Thank you very much @johnarevalo I was able to profile the CPJUMP1 compound data. From the README, I wasn't sure how the various profiles in outputs/results/features/ were aggregated. Did you simply take the median of the various profiles within a well to get a well-level aggregation vector, and then apply Pycytominer to the well-level median vectors to get the final deep profiles reported in the repo. Thanks!
We used the build_profiles.py
script to aggregate the extracted features using mean:
https://github.com/jump-cellpainting/2021_Chandrasekaran_submitted/blob/58583b45e01e06da7a642dd92b7f955e2fe37226/deep_profiles/utils/build_profiles.py#L25
Thank you @johnarevalo. Once the .parquet file is created, how do I create the normalized profiles of all the plates using pycytominer? I cloned the repo neurips_cpjump1. It seems like the neurips_cpjump1/run.sh script processes only 10 of the plates. I'm not sure where I can specify the created .parquet file as an argument. Thanks!
It's great you have generated the features in the .parquet
file!. This file contains 2 metadata columns (Metadata_Plate
, Metadata_Well
) and 6400 feature columns as described in the readme. The PLATE_ID.csv.gz
files are just subsets of the parquet file split by Metadata_Plate
.
You can obtain such splits with pandas:
df = pd.read_parquet('profiles.parquet')
groups = df.groupby('Metadata_Plate')
for plate_id, group in groups:
group.to_csv(f'{plate_id}.csv.gz', compression='gzip', index=False)
I haven't tested it, but I guess you get the idea.
Great thank you! I'm wondering more about how to generate the normalized versions of those though, such as the "augmented" and "spherized" versions that are included in the repo. @johnarevalo
You can follow the profiling recipe repo to generate the augmented profiles and to run the rest of the pipeline.
Thanks @johnarevalo, where can I find details about the pre-trained model that gets automatically downloaded?
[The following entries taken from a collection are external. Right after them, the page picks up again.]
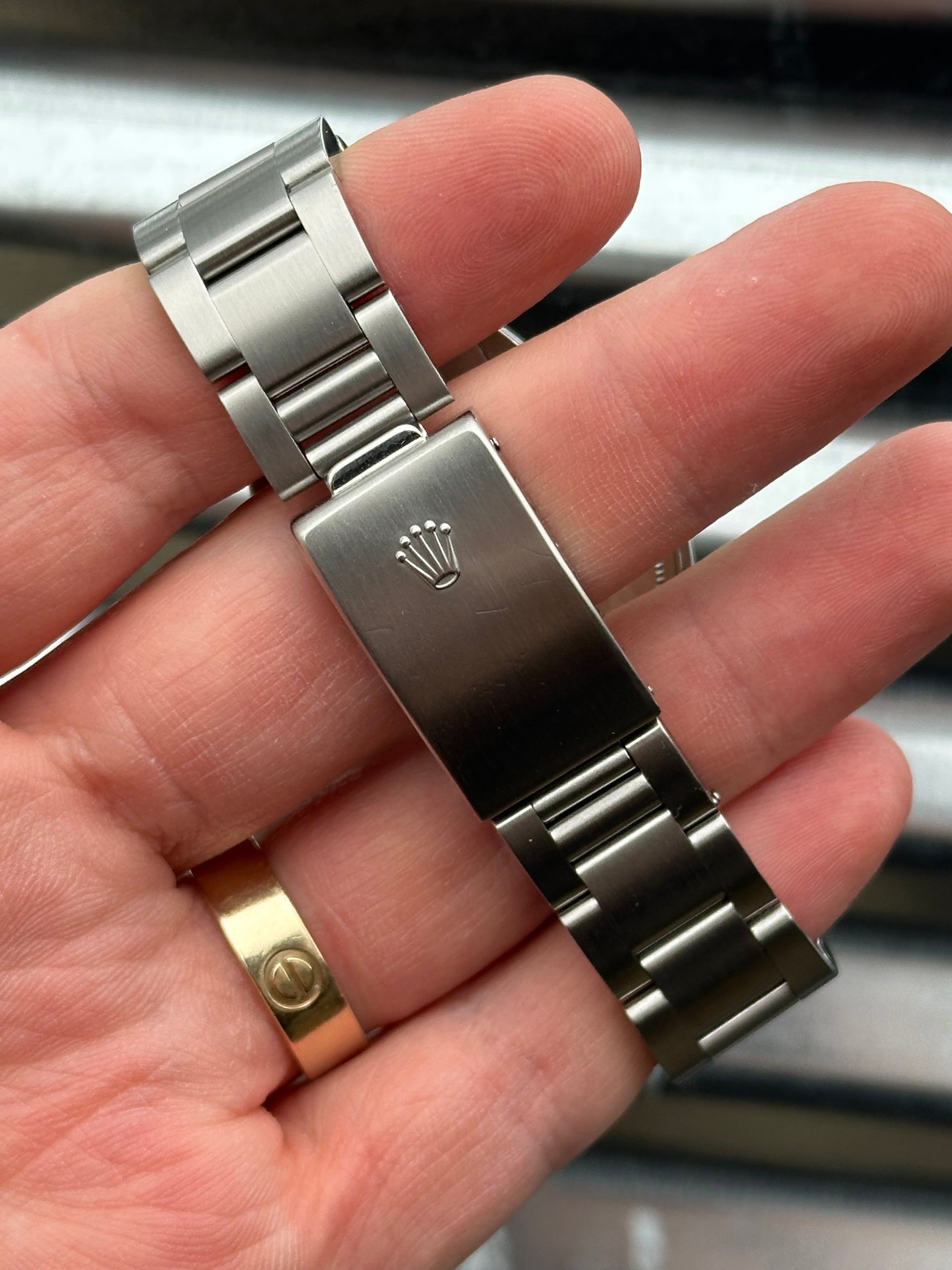 The watch is in overall excellent pre-owned condition for its age - see pics for details. Keep in mind it’s 523 years old. Clean dial. The acrylic crystal is free or any scratches or chips. The 36mm case remains in good shape. Clean finish on the bracelet. The coronet on the clasp is still defined. The steel bezel is in good shape. No sag on the bracelet. Overall awesome watch for the money. Freshly serviced by our watchmaker, so it’s running great and winding smooth.
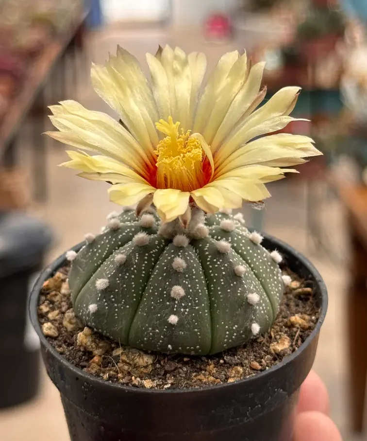 O Astrophytum asterias é uma obra-prima natural. Sem espinhos e com formato simétrico e achatado, lembra uma pequena estrela — e suas flores amarelas com centro alaranjado são um verdadeiro show à parte.
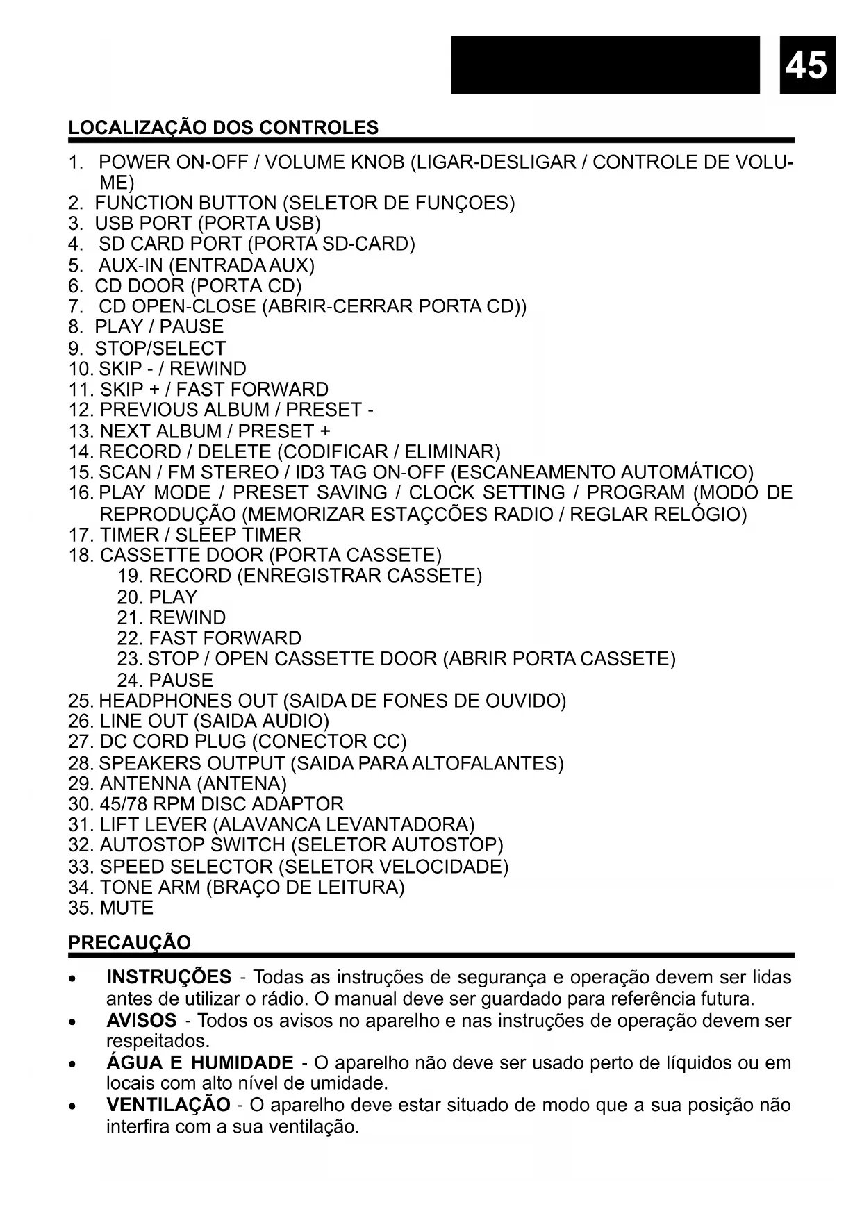 - Pressione [STOP/EJECT] (23) quando quiser terminar a reprodução, pressione novamente para abrir a porta do cassette;
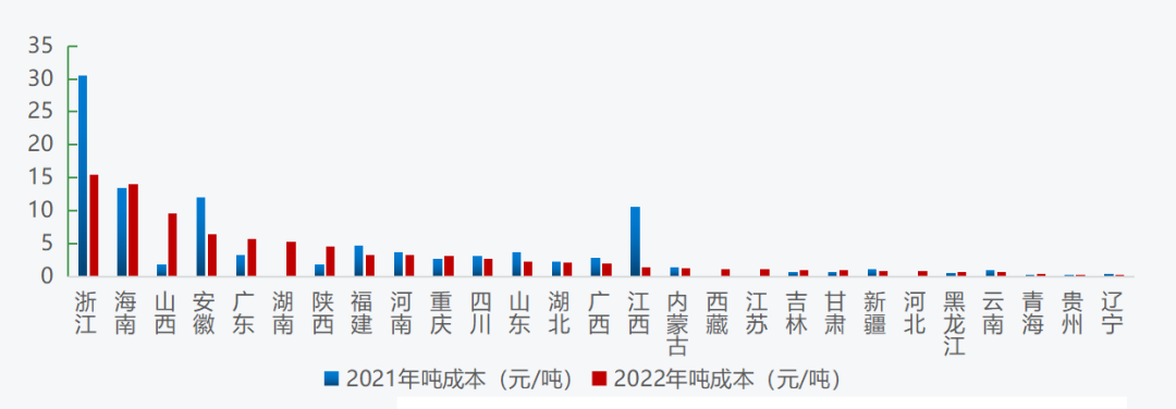 新設(shè)礦權(quán)出讓成交價(jià)格方面,由于各地政府對(duì)砂石礦權(quán)出讓的調(diào)控力度和競(jìng)買人參與競(jìng)拍的競(jìng)爭(zhēng)情況不同,我國(guó)各省份新設(shè)礦權(quán)出讓成交價(jià)格差異較大。浙江、海南新設(shè)砂石采礦權(quán)出讓成交價(jià)分別為15.5元/噸、14.0元/噸,價(jià)格居全國(guó)前兩位,同比分別下跌49%、上漲4%;山西、安徽、廣東、湖南新設(shè)砂石采礦權(quán)出讓成交價(jià)在5~10元/噸之間;陜西、福建、河南、重慶、四川、山東、湖北、廣西、江西、內(nèi)蒙古、西藏、江蘇新設(shè)砂石采礦權(quán)出讓成交價(jià)在1~5元/噸之間;吉林、甘肅、新疆、河北、黑龍江、云南、青海、貴州、遼寧新設(shè)砂石采礦權(quán)出讓成交價(jià)在1元/噸以內(nèi)。
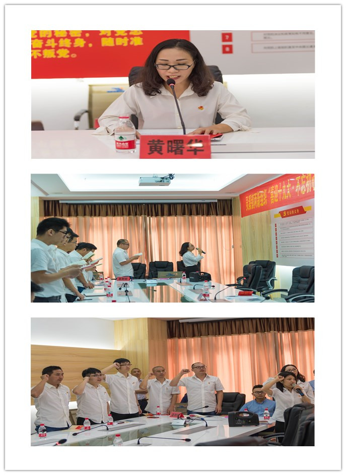 在集體觀看警示教育片、學習有關文件精神后,天信的8位黨員、入黨積極分子在黨委書記黃曙華的帶領下,有序按照蒼南縣主題黨日+N模式作示范教學。佩戴黨徽持黨員一本通簽到,通過支付寶或微信紅包現場繳納10月份黨費、重溫入黨誓詞、集體誦讀黨員的義務,在喜迎十九大、說說心里話主題討論交流環節中,大家袒露心聲,發言踴躍,有表達對國家、對黨、對企業熱愛的,有回顧總結反思自己學習工作的,有對上級和公司黨組織提出希望和要求的,預備黨員鄒邦福說,能在十九大召開之前,光榮加入中國共產黨,他感到無比驕傲和自豪!隨后,黨委書記黃曙華對大家的發言給予了點評,她充分地肯定了天信黨員在日常工作中的付出和努力,同時希望大家繼續立足崗位、發揮先鋒模范作用,以優異的成績向黨的十九大獻禮!
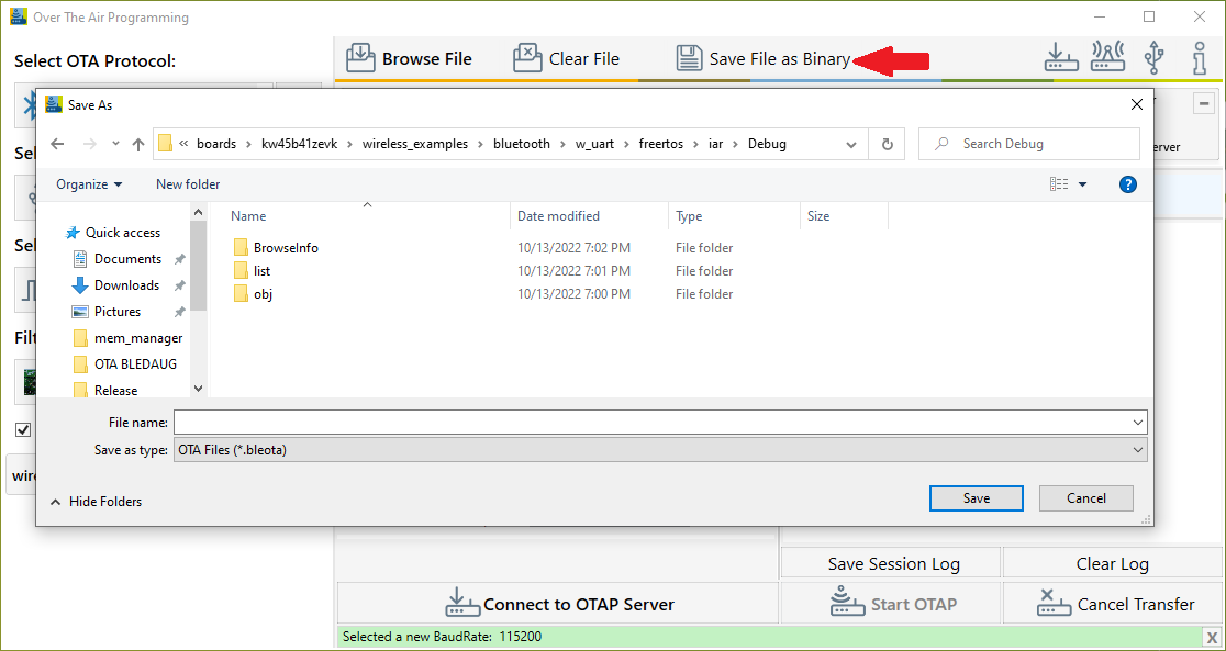 .bleotaformat, create the application. In order to load the image file into the Over the Air Programming application and create the .sb3 file, follow the instructions described in Usage with Over The Air Programming Tool. Once the.sb3file is created, press the “Save File as Binary” button to create the.bleotafile. See the figure below.
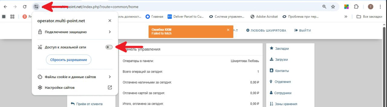 В первую очередь проверьте, есть ли у сайта Multi Point разрешение на доступ к локальной сети, как изображено на скриншоте ниже. На момент написания статьи, такая настройка требуется только в браузере Google Chrome.
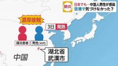 新型コロナウイルスに感染した30代の中国人男性は、中国の 武漢市に滞在中に肺炎患者と接触。 1月3日に発熱し、その3日後の6日に日本に帰国。 空港には検疫所があり、高い熱がある渡航者を検知するための サーモグラフィーによる確認を行っているが、解熱剤を飲んで いて検知されなかったそうです。
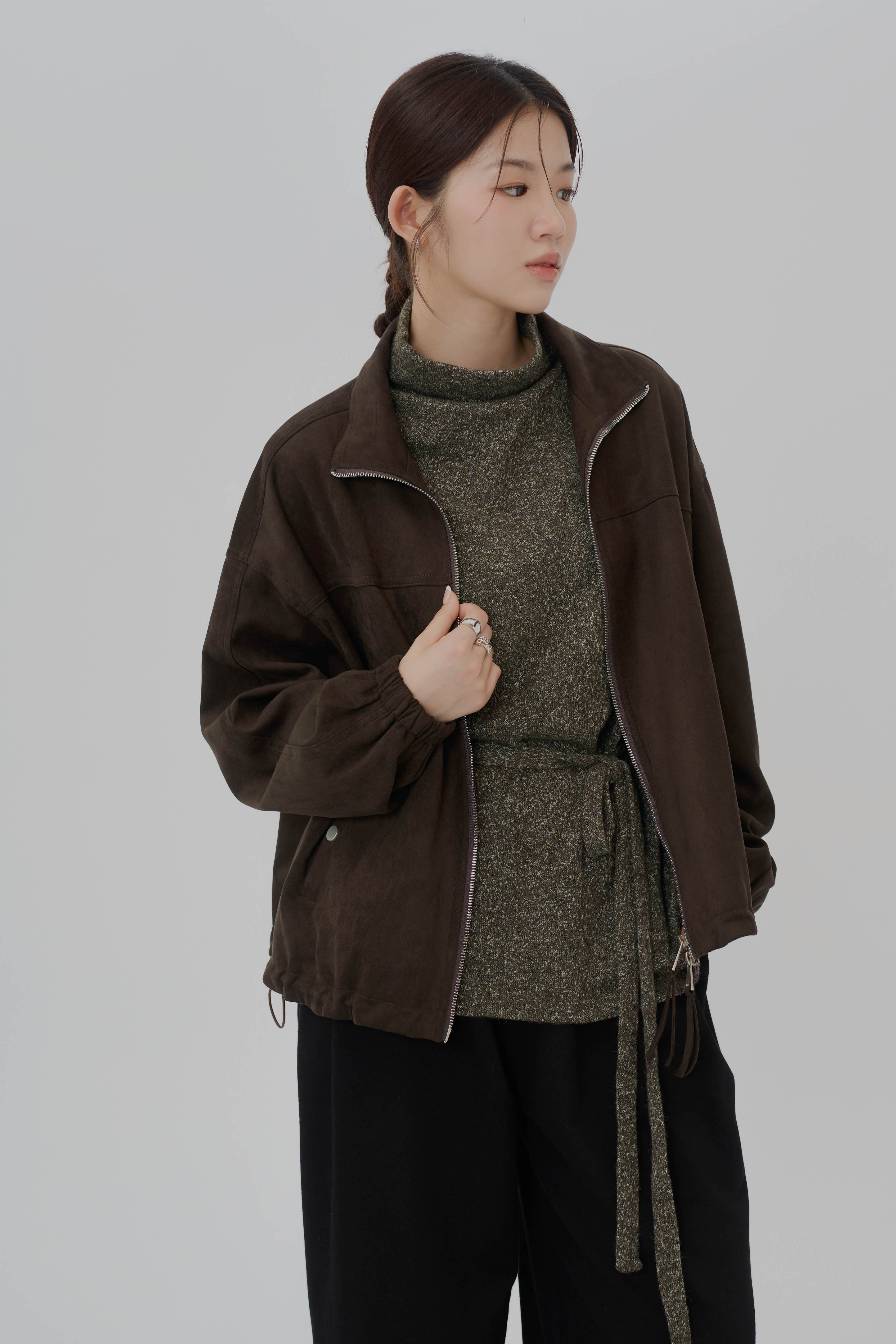 可立領、翻領變換穿搭 / 金屬雙拉鏈,拉頭飾帶造型 / 質感麂皮面料 / 有內裡 / 前有裝飾壓釦斜口袋 / 下擺鬆緊,內有調節環可調節

Was this model trained to classify drug perturbation type or plate? I see in the jump.json file that "label_field": "Treatment" but I also see that "targets": ["Metadata_Plate"] and I'm not quite sure which one is used for the classification label. Also was this model trained on just the JUMP1 compound data?
The train
section in jump.json
is considered only when train
operation runs. In this case we ran the profile
operation to extract features using a model pretrained with ImageNet. So any value set in train
, including the ones you mention, are ignored by DeepProfiler.
DeepProfiler relies on efficientnet library. You can check the list of available models and the details of each. DeepProfiler uses EfficientNetB0 As default.
Hello @niranjchandrasekaran, Are the (well-level) profiles from DeepProfiler available for download? Wondering where I can find them. Thank you!